The Department of Commerce's April 18, 2008 licensing determination does not conflict with the previous determination that it provided to the manufacturer of the software on June 17, 2006, classifying the software as "EAR99." (Doc. # 201, Ex. 4.) That earlier determination did not indicate that it applied to the customized version of the software used at Palo Verde Nuclear Generating Station. Furthermore, the indictment's allegation that Alavi exported "3 KeyMaster software" was sufficient. The indictment did not need to allege that Alavi exported a specially designed or modified version of the software because that is not an element of the offense charged. See United States v. Rosi, 27 F.3d 409, 414 (9th Cir. 1994) ("An indictment will withstand a motion to dismiss `if it contains the elements of the charged offense in sufficient detail (1) to enable the defendant to prepare his defense; (2) to ensure him that he is being prosecuted on the basis of the facts presented to the grand jury; (3) to enable him to plead double jeopardy; and (4) to inform the court of the alleged facts so that it can determine the sufficiency of the charge.'"). It is beyond question that Alavi has understood all along that he is charged with exporting the version of the 3 KeyMaster software used at Palo Verde Nuclear Generating Station.

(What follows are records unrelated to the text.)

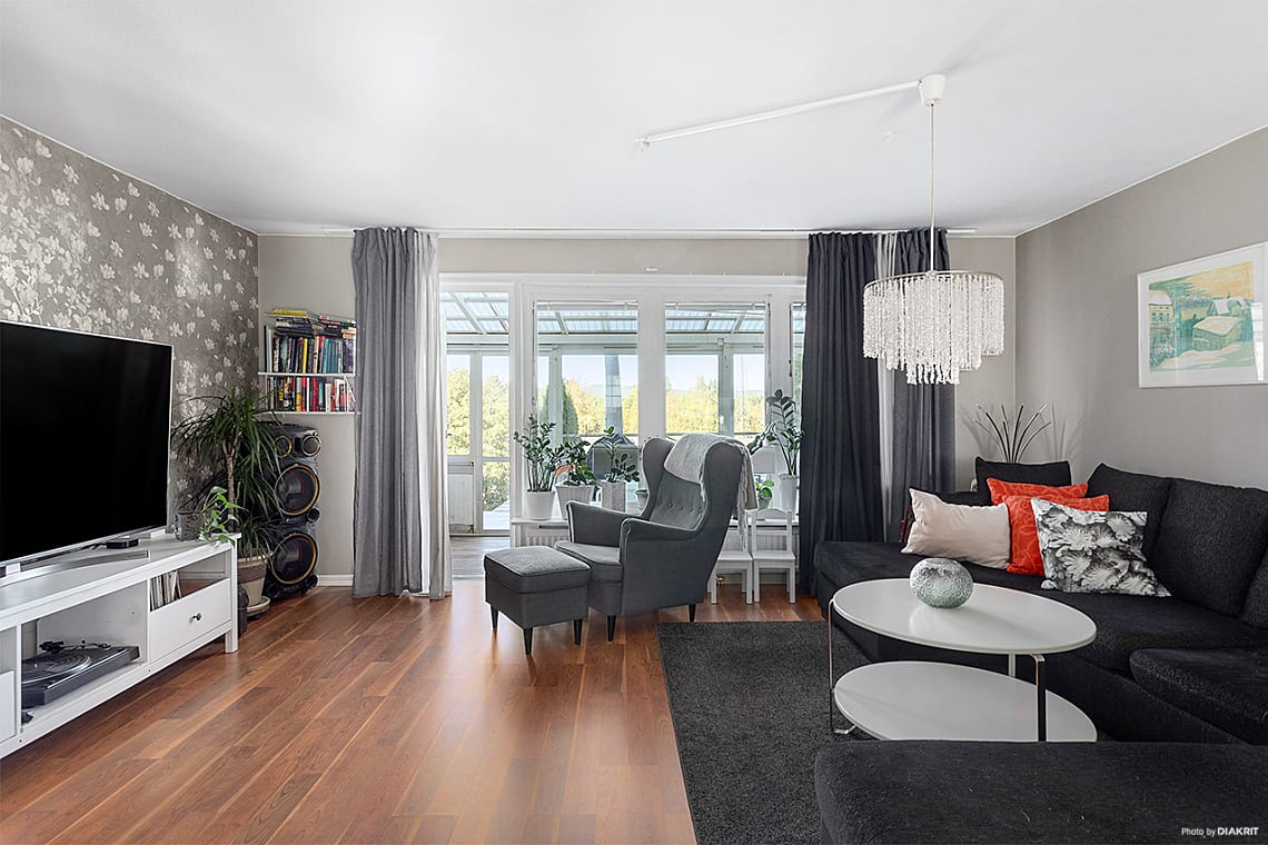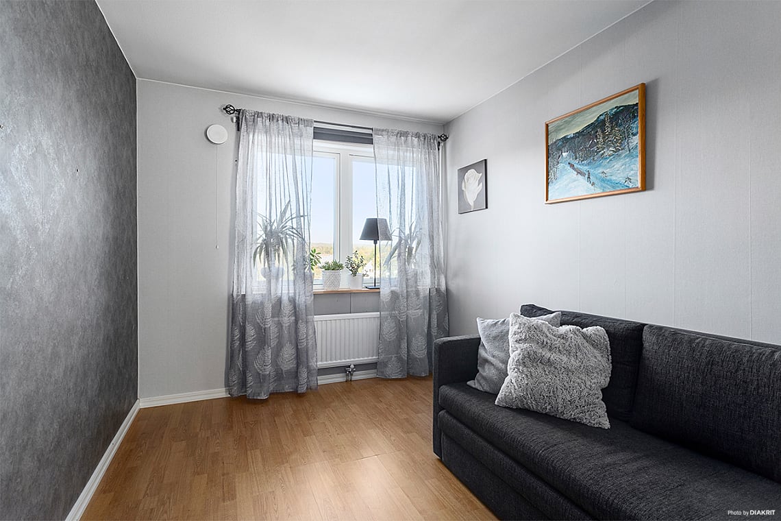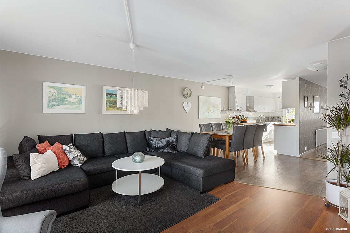 Gott om plats för soffgrupp med tillhörande möblemang. Laminatgolv och tapetserade väggar.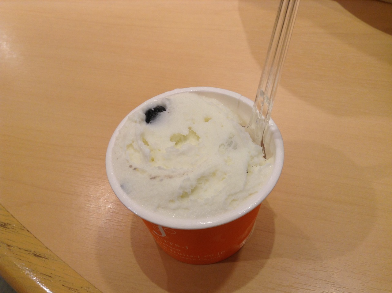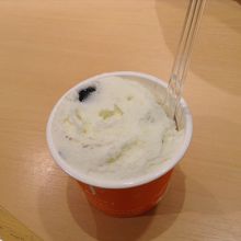 店名の通り、天井から大きなりんごがぶら下がっていて、その下にあるテーブルでイートインができます。買い物に疲れた時にジュースとジェラートが良いです。黒豆入りバニラのジェラート美味しかったです。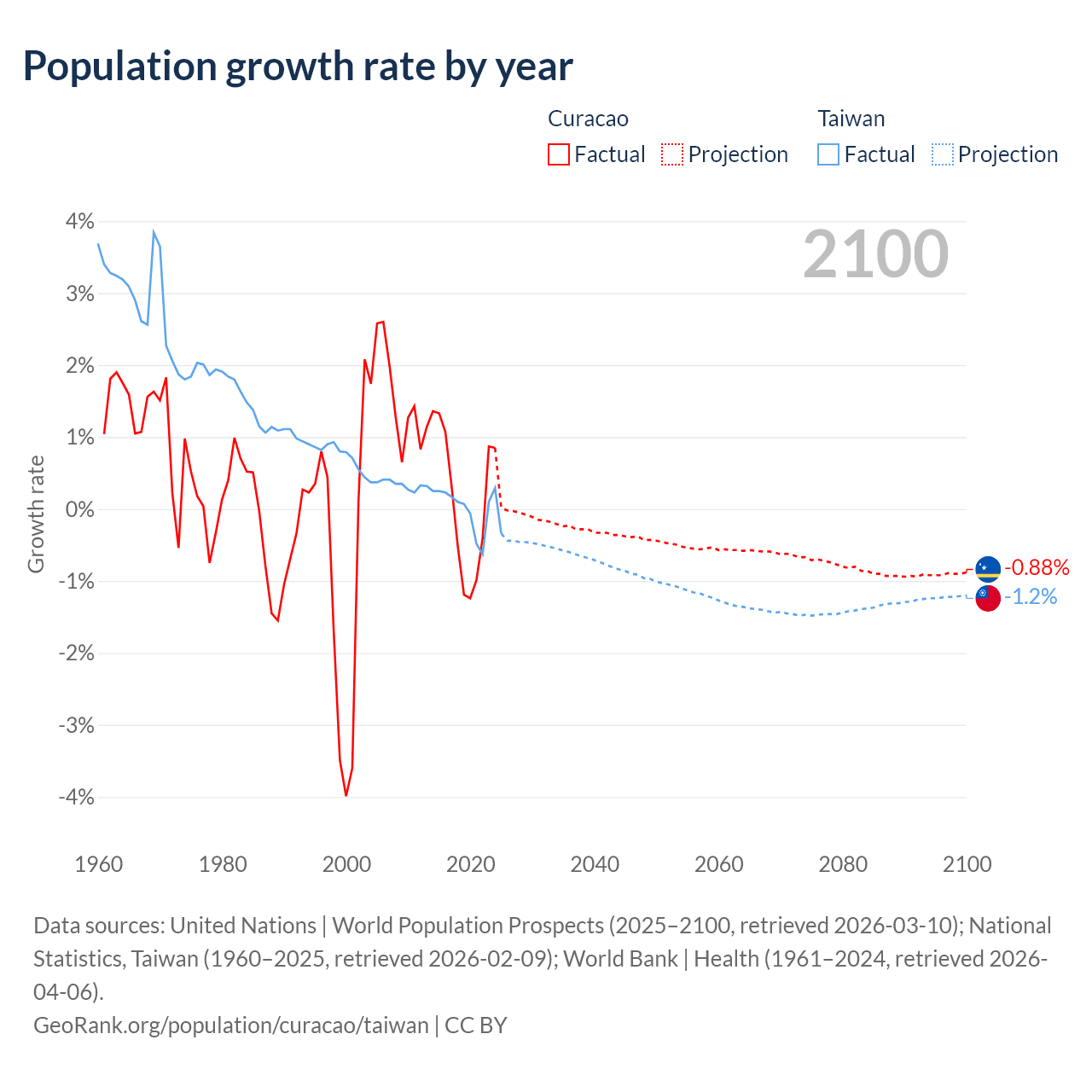 - For the last 10 years, Curacao has had an average growth rate of +0.13% per year vs -0.03% in Taiwan.

IT IS THEREFORE ORDERED that Defendant Mohammad Reza Alavi's Motion to Dismiss Count 1 of the Superseding Indictment (doc. # 150) is denied.


Summaries of

U.S. v. Alavi

United States District Court, D. Arizona
May 5, 2008
CR 07-429-PHX-NVW (D. Ariz. May. 5, 2008)
Case details for

U.S. v. Alavi

Case Details

Full title:United States of America, Plaintiff, v. Mohammad Reza Alavi, Defendant

Court:United States District Court, D. Arizona

Date published: May 5, 2008

Citations

CR 07-429-PHX-NVW (D. Ariz. May. 5, 2008)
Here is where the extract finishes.